INPUT DATA section start

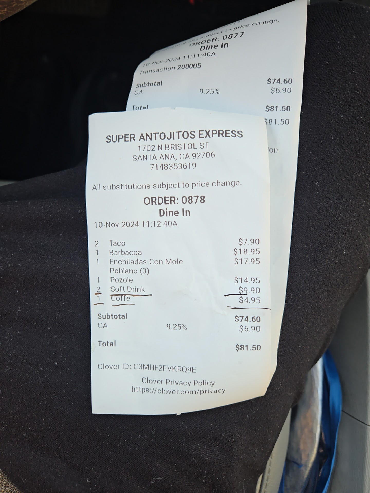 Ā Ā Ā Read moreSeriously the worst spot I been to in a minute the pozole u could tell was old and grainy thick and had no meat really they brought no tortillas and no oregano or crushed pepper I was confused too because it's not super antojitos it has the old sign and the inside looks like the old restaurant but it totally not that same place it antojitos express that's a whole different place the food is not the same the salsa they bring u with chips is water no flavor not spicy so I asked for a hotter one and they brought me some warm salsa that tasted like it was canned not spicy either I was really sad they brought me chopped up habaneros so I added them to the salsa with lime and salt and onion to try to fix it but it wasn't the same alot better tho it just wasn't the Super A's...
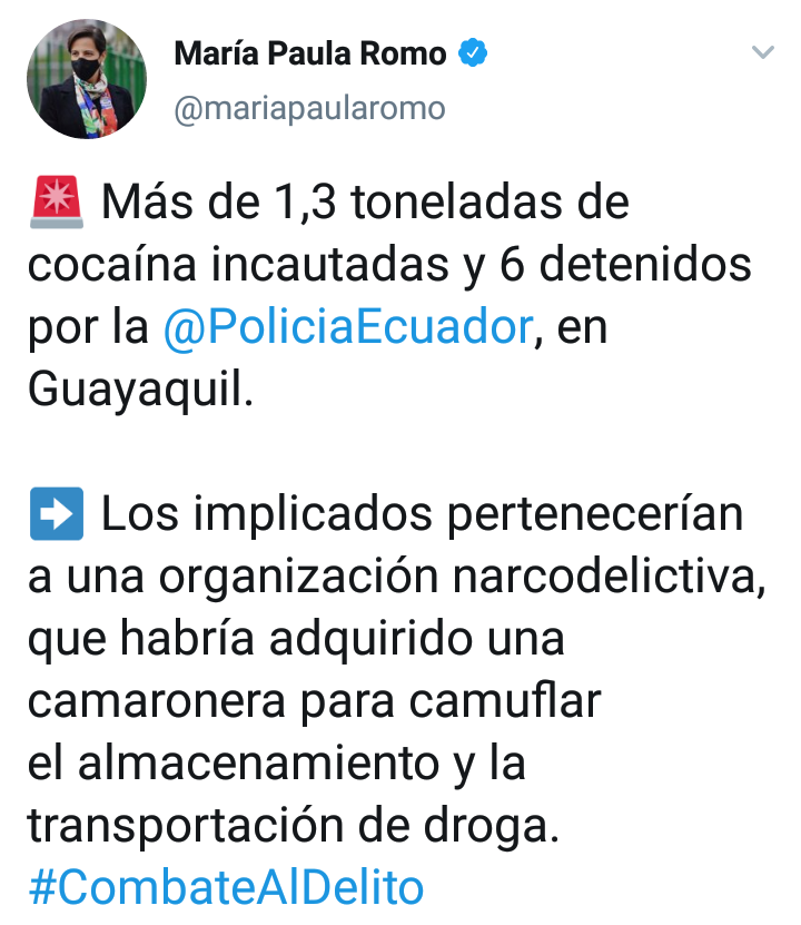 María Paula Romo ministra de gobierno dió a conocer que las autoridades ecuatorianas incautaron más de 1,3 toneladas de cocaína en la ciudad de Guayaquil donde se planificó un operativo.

INPUT DATA section end
INPUT DATA section start

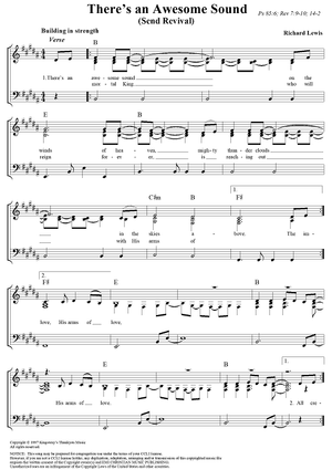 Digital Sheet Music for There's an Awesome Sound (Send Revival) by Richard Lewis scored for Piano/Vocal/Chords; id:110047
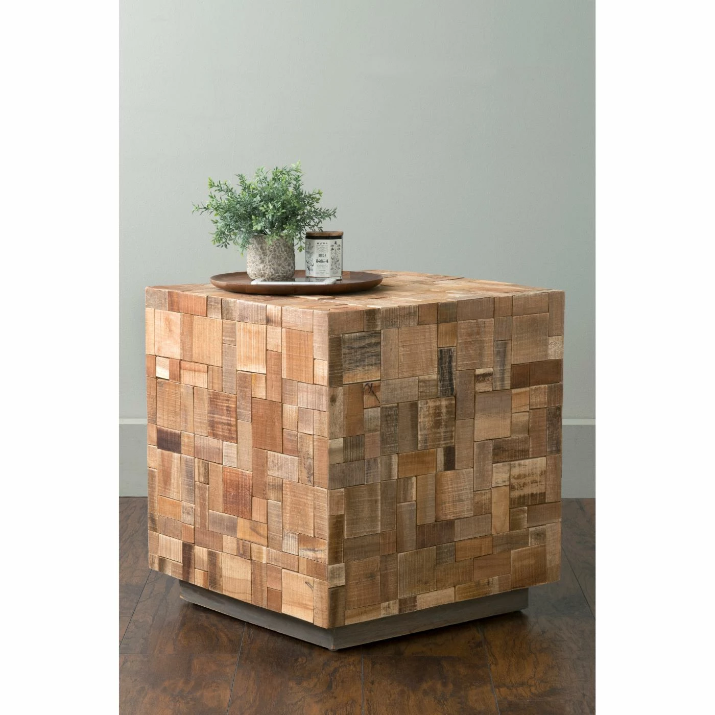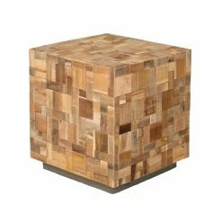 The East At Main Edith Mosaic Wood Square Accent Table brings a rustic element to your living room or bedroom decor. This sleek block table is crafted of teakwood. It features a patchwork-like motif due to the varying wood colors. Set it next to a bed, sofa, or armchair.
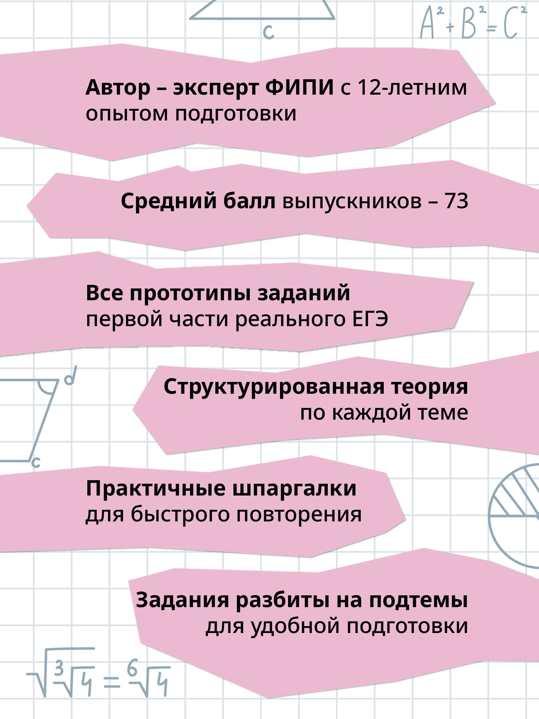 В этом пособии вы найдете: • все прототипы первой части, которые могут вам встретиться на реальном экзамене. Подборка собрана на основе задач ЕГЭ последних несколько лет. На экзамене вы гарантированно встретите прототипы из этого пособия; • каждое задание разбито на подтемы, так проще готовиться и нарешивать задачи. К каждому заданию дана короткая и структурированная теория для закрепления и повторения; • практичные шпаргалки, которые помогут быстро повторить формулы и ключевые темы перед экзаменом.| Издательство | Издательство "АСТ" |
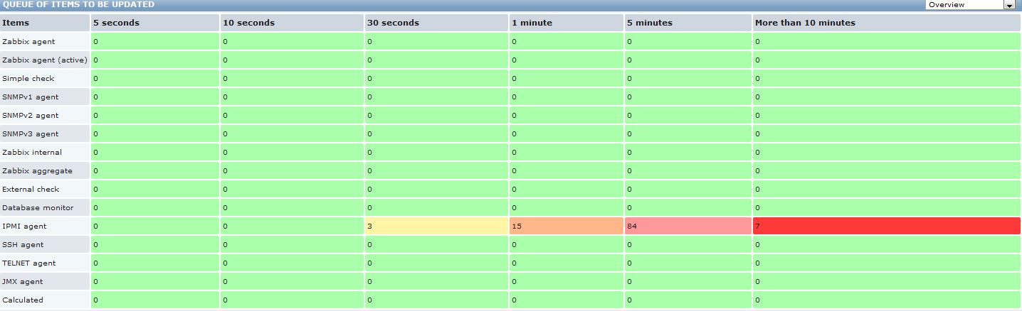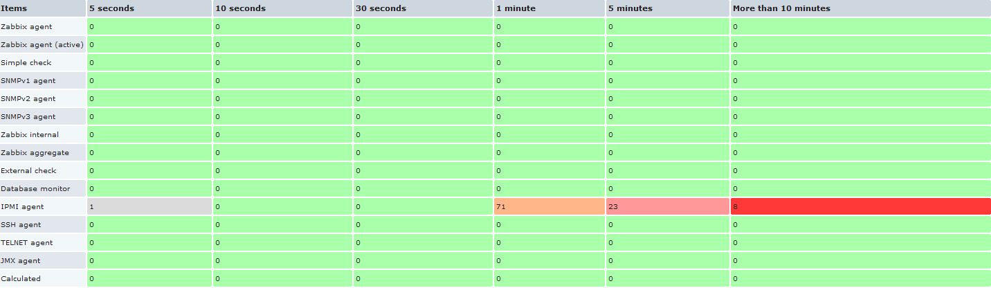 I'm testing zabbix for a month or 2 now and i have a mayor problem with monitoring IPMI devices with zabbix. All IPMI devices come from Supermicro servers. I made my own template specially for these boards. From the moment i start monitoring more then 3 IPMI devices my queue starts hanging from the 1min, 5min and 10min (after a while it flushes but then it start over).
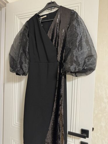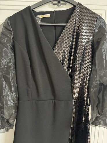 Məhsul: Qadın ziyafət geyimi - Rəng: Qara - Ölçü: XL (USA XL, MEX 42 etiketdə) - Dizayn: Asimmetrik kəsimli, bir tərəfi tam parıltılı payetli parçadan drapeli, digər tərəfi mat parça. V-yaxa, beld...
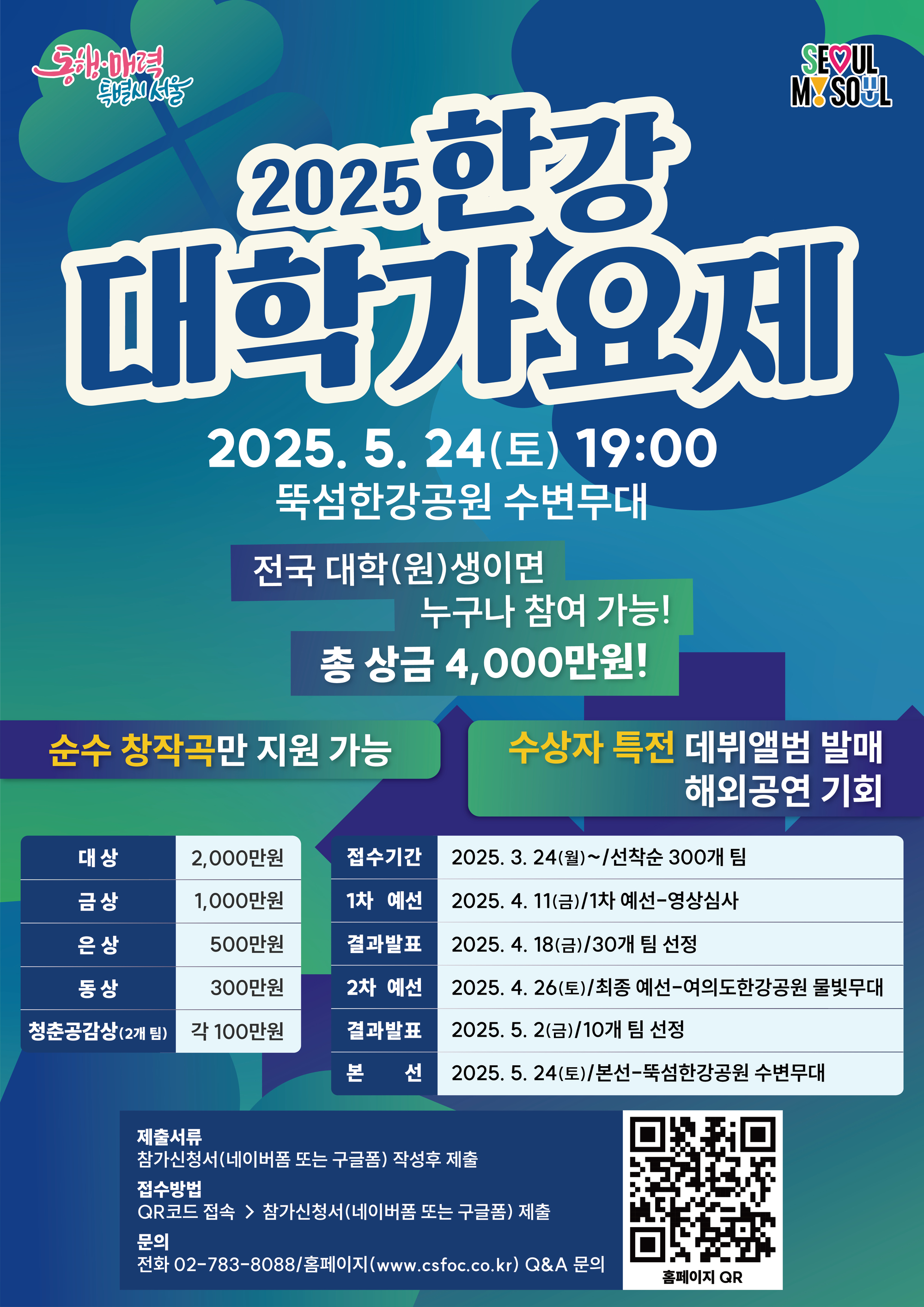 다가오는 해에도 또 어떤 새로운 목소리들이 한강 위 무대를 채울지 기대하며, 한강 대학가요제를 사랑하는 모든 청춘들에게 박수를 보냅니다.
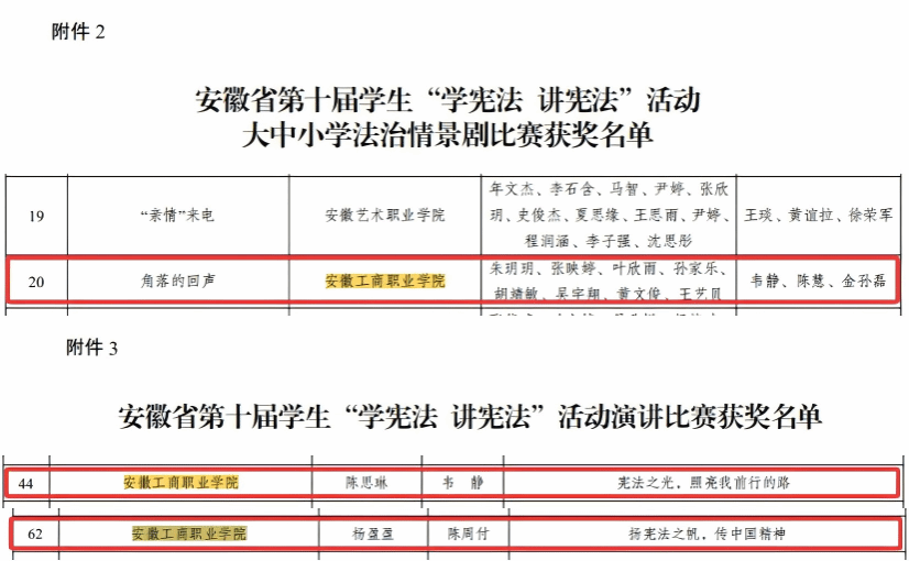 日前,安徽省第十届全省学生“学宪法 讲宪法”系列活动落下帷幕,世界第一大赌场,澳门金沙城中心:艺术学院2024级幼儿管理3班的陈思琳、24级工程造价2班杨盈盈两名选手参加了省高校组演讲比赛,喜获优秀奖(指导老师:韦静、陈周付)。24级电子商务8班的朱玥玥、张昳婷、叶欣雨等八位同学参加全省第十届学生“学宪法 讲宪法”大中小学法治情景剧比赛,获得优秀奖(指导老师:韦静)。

INPUT DATA section end

TASK OBJECTIVE :: Within the listing above, print exactly the stretch beginning at the line that contains "Digital Sheet Music" and finishing at the line that contains "I'm testing zabbix", ends kept, pictures left out, and nothing more.

TASK SOLUTION ::
 Digital Sheet Music for There's an Awesome Sound (Send Revival) by Richard Lewis scored for Piano/Vocal/Chords; id:110047
 The East At Main Edith Mosaic Wood Square Accent Table brings a rustic element to your living room or bedroom decor. This sleek block table is crafted of teakwood. It features a patchwork-like motif due to the varying wood colors. Set it next to a bed, sofa, or armchair.
 В этом пособии вы найдете: • все прототипы первой части, которые могут вам встретиться на реальном экзамене. Подборка собрана на основе задач ЕГЭ последних несколько лет. На экзамене вы гарантированно встретите прототипы из этого пособия; • каждое задание разбито на подтемы, так проще готовиться и нарешивать задачи. К каждому заданию дана короткая и структурированная теория для закрепления и повторения; • практичные шпаргалки, которые помогут быстро повторить формулы и ключевые темы перед экзаменом.| Издательство | Издательство "АСТ" |
 I'm testing zabbix for a month or 2 now and i have a mayor problem with monitoring IPMI devices with zabbix. All IPMI devices come from Supermicro servers. I made my own template specially for these boards. From the moment i start monitoring more then 3 IPMI devices my queue starts hanging from the 1min, 5min and 10min (after a while it flushes but then it start over).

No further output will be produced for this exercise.